Now in the above code, there are three distinct loops that can be done one after the other in which case #1 and #3 will be your Amdahl’s serial portions (where only a single thread exists). However, I can be smart and write this code as a pipeline where  S1, S2, and S3 run concurrently and communicate via work-queues.

Lets suppose each iteration of S1 takes 1K cycles, S2 takes 10K cycles, and S3 takes 2K cycles. Then as I up the number of cores, eventually the throughput of this pipeline willl become limited by S3 because even if I speed up S2 to 1000 cycles per iterations (by giving it 10 cores), S3 will not speed up. Thus, once I have say 5 cores assigned to S2, more cores will not help with performance.
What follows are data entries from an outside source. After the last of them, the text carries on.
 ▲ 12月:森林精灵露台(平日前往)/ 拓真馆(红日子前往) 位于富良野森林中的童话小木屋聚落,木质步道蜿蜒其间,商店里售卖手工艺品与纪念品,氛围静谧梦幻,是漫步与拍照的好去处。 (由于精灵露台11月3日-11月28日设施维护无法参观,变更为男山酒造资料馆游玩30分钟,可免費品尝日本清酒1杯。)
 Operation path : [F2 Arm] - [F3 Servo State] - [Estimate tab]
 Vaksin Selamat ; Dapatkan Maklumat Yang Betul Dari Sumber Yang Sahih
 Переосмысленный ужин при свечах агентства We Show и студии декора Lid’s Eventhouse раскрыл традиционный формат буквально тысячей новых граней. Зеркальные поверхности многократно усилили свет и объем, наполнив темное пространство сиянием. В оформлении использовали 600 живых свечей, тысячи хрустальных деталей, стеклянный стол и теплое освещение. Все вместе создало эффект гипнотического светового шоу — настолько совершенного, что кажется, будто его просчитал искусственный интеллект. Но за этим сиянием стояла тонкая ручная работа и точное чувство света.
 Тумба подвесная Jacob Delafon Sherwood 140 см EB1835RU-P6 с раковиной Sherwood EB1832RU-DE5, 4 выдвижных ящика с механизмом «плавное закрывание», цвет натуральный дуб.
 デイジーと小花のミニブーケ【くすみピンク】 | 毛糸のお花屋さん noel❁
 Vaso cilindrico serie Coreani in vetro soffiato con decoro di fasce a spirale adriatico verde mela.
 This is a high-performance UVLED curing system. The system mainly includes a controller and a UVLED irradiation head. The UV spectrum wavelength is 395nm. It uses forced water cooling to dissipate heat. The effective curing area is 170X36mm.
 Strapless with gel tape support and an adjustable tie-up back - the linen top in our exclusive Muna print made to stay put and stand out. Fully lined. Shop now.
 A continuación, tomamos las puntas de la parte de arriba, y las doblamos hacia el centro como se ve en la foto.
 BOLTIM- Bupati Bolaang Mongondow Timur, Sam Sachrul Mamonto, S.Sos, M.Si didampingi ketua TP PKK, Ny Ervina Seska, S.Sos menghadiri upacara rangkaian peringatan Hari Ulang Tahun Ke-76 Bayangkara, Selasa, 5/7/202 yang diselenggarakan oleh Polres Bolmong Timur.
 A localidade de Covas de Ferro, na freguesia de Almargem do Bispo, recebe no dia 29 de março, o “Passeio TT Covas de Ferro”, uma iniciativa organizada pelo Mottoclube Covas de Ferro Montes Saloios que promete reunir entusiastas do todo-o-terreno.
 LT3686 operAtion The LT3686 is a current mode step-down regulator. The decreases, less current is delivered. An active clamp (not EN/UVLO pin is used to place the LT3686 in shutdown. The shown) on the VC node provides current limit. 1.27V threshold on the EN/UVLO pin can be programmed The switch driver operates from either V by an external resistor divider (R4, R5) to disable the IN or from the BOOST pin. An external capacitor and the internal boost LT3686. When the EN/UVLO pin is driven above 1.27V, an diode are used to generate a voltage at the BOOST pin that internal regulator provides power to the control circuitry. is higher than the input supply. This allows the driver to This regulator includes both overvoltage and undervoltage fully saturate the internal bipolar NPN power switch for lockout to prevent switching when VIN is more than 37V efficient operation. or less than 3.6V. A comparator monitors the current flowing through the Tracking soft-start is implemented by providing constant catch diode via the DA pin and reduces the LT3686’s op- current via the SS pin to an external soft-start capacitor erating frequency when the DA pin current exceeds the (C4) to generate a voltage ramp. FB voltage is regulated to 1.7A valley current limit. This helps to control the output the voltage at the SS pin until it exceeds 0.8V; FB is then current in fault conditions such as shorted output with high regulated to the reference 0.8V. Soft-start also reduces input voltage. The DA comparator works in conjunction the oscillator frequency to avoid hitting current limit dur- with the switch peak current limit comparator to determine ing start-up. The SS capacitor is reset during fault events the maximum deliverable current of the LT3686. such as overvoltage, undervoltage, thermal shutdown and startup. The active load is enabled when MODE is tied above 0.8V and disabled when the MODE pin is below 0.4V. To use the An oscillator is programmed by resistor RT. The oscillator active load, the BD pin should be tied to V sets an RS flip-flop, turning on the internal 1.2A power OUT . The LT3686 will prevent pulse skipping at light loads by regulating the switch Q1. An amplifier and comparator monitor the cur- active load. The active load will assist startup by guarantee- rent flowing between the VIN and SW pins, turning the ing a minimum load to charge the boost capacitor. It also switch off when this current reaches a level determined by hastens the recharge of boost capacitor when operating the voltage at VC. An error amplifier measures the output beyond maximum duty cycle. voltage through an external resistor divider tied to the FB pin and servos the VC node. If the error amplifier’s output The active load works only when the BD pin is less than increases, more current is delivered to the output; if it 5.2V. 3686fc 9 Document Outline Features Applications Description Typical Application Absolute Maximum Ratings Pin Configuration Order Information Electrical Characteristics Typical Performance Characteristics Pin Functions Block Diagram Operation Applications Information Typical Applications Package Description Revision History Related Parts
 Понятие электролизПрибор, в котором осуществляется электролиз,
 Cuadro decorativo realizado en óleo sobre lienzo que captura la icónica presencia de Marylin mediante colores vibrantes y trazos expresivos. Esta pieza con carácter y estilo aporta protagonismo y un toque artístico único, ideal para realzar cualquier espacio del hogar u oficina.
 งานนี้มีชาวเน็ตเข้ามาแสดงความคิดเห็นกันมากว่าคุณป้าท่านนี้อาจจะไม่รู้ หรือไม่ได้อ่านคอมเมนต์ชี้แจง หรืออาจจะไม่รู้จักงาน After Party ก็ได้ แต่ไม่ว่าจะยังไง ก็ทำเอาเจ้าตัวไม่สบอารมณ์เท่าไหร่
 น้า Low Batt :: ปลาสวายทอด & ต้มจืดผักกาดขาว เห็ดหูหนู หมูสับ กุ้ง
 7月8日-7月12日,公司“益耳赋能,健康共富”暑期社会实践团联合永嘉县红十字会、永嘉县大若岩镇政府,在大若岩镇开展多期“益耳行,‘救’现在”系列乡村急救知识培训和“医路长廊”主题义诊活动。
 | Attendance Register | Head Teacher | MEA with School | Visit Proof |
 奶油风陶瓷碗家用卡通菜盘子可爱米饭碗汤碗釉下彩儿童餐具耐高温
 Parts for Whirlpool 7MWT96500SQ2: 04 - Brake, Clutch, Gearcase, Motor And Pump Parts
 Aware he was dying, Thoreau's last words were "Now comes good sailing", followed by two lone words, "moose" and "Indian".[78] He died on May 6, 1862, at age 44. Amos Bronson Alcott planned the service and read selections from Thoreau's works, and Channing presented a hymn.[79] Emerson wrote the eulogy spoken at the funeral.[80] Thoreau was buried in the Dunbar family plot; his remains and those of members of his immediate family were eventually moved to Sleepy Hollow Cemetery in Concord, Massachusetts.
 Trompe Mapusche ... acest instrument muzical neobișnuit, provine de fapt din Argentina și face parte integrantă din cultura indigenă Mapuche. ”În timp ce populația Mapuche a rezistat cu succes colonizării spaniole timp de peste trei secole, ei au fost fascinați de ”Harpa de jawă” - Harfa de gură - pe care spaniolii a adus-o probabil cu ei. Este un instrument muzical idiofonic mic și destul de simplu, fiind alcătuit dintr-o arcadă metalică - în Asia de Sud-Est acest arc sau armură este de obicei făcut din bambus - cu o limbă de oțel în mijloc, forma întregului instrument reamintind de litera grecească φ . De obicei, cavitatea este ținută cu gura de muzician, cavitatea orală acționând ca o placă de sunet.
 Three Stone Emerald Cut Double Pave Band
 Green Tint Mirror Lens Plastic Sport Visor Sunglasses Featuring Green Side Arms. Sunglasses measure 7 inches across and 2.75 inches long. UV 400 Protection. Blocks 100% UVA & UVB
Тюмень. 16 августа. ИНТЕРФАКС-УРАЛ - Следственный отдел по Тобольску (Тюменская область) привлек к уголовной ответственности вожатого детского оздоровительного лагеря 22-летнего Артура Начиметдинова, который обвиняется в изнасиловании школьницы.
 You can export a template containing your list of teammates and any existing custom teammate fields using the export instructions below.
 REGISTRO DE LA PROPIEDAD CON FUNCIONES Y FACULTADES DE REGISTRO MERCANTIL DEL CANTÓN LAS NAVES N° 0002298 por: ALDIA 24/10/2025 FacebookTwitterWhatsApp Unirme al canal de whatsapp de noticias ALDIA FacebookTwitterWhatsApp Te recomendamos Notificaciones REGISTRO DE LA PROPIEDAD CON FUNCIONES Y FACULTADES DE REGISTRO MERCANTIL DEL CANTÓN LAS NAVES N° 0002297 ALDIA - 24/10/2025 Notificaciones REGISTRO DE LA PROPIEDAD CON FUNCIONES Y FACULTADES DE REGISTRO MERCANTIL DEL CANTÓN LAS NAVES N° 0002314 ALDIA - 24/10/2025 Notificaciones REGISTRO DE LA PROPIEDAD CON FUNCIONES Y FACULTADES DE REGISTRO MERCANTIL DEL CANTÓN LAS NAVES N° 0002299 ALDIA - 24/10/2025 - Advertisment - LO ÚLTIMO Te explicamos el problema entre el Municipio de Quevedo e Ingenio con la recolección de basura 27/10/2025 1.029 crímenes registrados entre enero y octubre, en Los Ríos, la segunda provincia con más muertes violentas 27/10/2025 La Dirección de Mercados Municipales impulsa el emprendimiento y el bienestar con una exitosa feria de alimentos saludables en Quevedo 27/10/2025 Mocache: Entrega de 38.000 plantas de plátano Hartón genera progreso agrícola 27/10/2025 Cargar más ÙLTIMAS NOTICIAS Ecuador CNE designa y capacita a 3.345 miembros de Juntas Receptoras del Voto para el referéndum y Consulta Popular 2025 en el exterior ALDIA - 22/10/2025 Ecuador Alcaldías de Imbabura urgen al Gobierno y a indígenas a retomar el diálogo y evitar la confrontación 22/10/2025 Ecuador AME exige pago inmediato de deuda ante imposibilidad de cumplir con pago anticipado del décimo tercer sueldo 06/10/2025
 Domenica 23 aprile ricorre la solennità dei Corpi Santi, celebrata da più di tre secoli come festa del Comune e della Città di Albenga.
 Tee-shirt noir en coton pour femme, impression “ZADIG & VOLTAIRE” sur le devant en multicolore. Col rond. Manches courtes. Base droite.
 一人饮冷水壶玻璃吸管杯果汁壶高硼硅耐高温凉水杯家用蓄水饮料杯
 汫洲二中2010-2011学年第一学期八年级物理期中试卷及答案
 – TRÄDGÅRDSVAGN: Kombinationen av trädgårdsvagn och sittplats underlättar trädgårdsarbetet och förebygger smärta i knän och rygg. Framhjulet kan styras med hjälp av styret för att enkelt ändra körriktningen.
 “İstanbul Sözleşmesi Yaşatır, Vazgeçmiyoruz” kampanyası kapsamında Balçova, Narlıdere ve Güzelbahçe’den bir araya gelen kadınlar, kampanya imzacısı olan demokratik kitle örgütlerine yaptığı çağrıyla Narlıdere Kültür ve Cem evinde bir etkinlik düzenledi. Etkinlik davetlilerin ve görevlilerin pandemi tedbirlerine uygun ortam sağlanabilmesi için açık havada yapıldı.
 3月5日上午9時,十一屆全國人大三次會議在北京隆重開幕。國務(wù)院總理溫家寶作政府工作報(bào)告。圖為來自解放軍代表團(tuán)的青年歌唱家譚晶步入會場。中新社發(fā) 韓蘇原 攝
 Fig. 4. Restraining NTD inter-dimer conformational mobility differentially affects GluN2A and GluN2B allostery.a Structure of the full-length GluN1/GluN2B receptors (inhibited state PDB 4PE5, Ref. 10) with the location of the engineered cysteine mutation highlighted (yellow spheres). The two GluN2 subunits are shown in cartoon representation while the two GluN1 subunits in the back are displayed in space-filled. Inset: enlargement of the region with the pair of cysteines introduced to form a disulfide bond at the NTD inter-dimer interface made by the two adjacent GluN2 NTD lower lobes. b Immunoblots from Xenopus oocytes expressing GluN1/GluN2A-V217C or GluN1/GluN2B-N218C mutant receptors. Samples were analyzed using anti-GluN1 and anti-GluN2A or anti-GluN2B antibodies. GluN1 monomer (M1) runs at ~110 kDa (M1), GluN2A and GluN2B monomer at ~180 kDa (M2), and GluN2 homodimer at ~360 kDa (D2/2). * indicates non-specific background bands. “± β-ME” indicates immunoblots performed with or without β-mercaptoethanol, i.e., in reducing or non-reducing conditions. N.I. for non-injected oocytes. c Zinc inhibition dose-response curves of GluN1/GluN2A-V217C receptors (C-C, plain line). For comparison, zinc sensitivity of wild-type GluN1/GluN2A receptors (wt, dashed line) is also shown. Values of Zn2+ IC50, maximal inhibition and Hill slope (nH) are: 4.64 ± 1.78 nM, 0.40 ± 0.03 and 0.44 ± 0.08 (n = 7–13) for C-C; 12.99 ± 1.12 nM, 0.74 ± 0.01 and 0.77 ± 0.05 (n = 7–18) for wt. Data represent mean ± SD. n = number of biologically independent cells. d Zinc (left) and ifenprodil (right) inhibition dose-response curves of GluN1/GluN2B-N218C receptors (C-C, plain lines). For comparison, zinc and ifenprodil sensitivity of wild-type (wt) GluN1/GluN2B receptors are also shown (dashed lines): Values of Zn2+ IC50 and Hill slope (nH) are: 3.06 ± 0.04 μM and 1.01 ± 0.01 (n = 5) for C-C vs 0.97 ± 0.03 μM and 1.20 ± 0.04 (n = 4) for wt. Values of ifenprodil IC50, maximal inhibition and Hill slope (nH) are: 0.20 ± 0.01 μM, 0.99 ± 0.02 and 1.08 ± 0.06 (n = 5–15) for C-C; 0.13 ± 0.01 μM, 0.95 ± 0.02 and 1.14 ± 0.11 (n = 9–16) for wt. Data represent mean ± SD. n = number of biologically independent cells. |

Now, naively (and incorrectly), people call this Amdahl’s law. No it is not Amdahl’s law because the above cannot be characterized by the Amdahl’s equation. If we use Amdahl’s, the serial code is 3K cycles and parallel core is 10K cycles. Thus, with infinite cores:

Cycles_per_iteration_with_P_cores = 3K + 10K/P
Thus,  the fastest speed will be 3K cycles_per_iterations. This is obviously wrong.

The equation which characterizes this pipeline case is as follows:

Cycles_per_iteration = MAX(Cycles_per_S1, Cycle_per_S2/cores_assigned_to_S2, Cycle_per_S3);

This is my poster child example of showing why Amdahl’s doesn’t work for all non-paralllel code.

 

Update: The following is a conversation I had about this example with @jmuffat on Twitter. I think it helps clarify an important point of this example:

@jmuffat said:  Amdahl’s law knows only 2 types: serial or //. Your example shows things that can run concurrently and calls them serial…
My response: That is the point of my article. Amdahl’s shouldn’t be used when serial is off the critical path but ppl often make this mistake. There are hundreds of “experts” that say that any code that cannot be multithreaded is “Amdahl’s bottleneck.” I’ve a paper on critical sections. Despite my insistence, people still call critical sections Amdahl’s but as you say, they aren’t.

Update: 6/25/2011: On a suggestion from Bjoern Knafla, I have added a closely related article on Gustafson’s law.

Note: Hardware architects mis-characterize Amdahl’s law more often when is why I have classified this post under “Software for Hardware Guys.”

  26 Responses to “Parallel Programming: When Amdahl’s law is inapplicable?”

  1. [...] the original post: Parallel Programming: When Amdahl’s law is inapplicable? | Future … Categories: Programming 0 Comments Tags: amdahl, background, discusses-the-background, [...]

  2. Interesting post.

    I think that even another assumption of Amdahls law is soon to be brought into question, namely that every parallel part does only execute at the same speed as the serial part.

    I think you hit the nail on the head when you talked about mixed core CPUs ( I think in your paper about accelerating mp4 decoder ). I believe we’ll have in the not too distant future chips with C16-64 ( read 16 full cores + 64 fast but restricted cores ).

    Integration of CPU/GPU is an early step towards these hybrids. In the end I think it all depends on the available tools if they survive. Unfortunately for the standard Java programmer the current interfaces OpenCL, or CUDA are next to impossible to use.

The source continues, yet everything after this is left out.